(Beginning of Raw data)

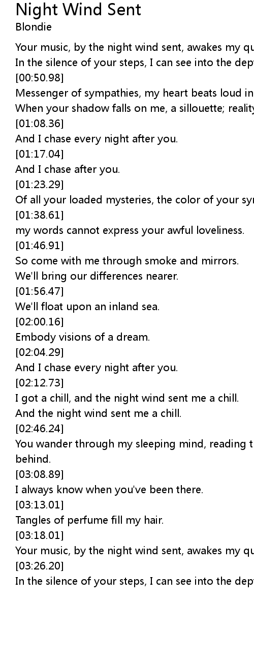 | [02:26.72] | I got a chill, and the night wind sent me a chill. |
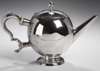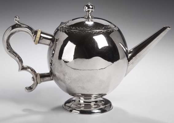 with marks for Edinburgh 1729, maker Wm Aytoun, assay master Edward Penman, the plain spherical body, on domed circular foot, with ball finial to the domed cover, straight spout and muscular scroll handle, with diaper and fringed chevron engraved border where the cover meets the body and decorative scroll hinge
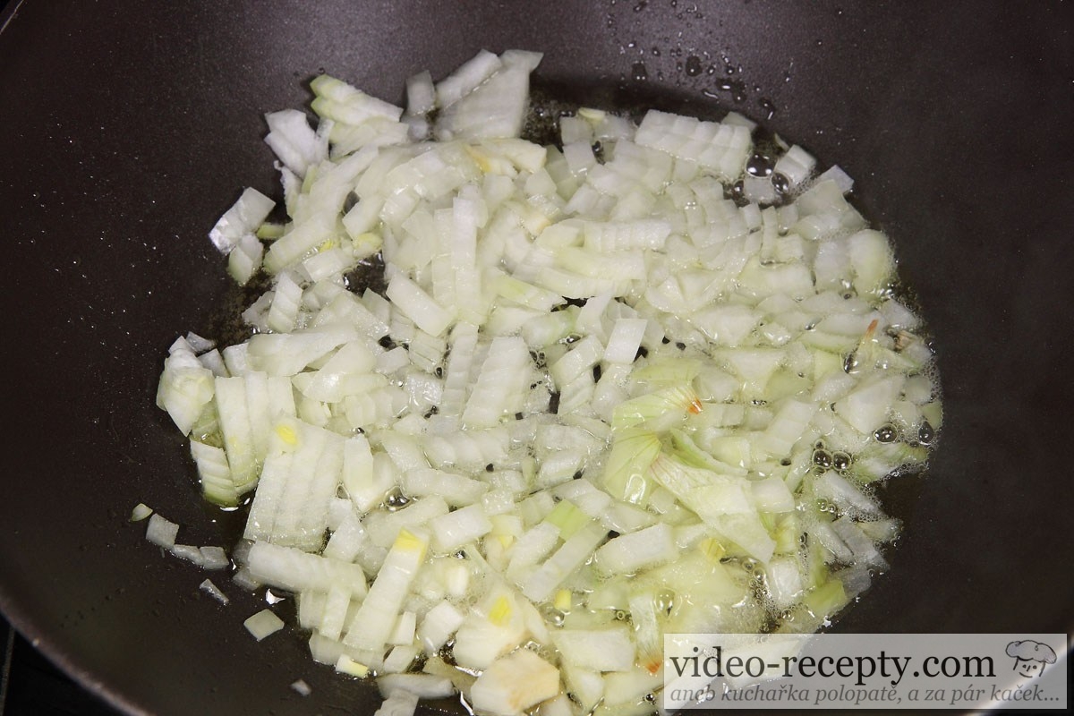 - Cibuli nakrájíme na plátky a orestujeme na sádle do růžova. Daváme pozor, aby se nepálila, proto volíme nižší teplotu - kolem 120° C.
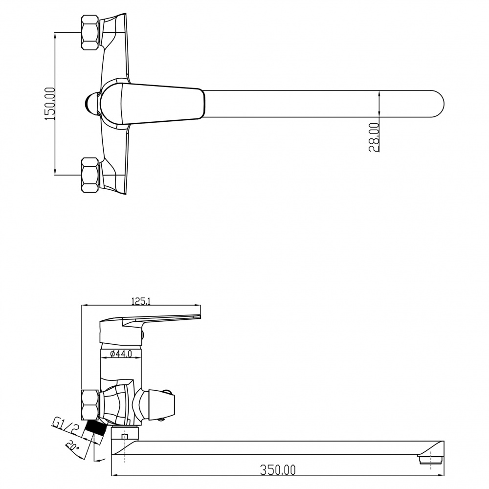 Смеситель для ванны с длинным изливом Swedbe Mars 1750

(End of Raw data)

> What you will do: Print nothing except the lines from the one with "- Cibuli nakrájíme" through the last line of the listing, exactly as written and with pictures removed.

> Written answer:
 - Cibuli nakrájíme na plátky a orestujeme na sádle do růžova. Daváme pozor, aby se nepálila, proto volíme nižší teplotu - kolem 120° C.
 Смеситель для ванны с длинным изливом Swedbe Mars 1750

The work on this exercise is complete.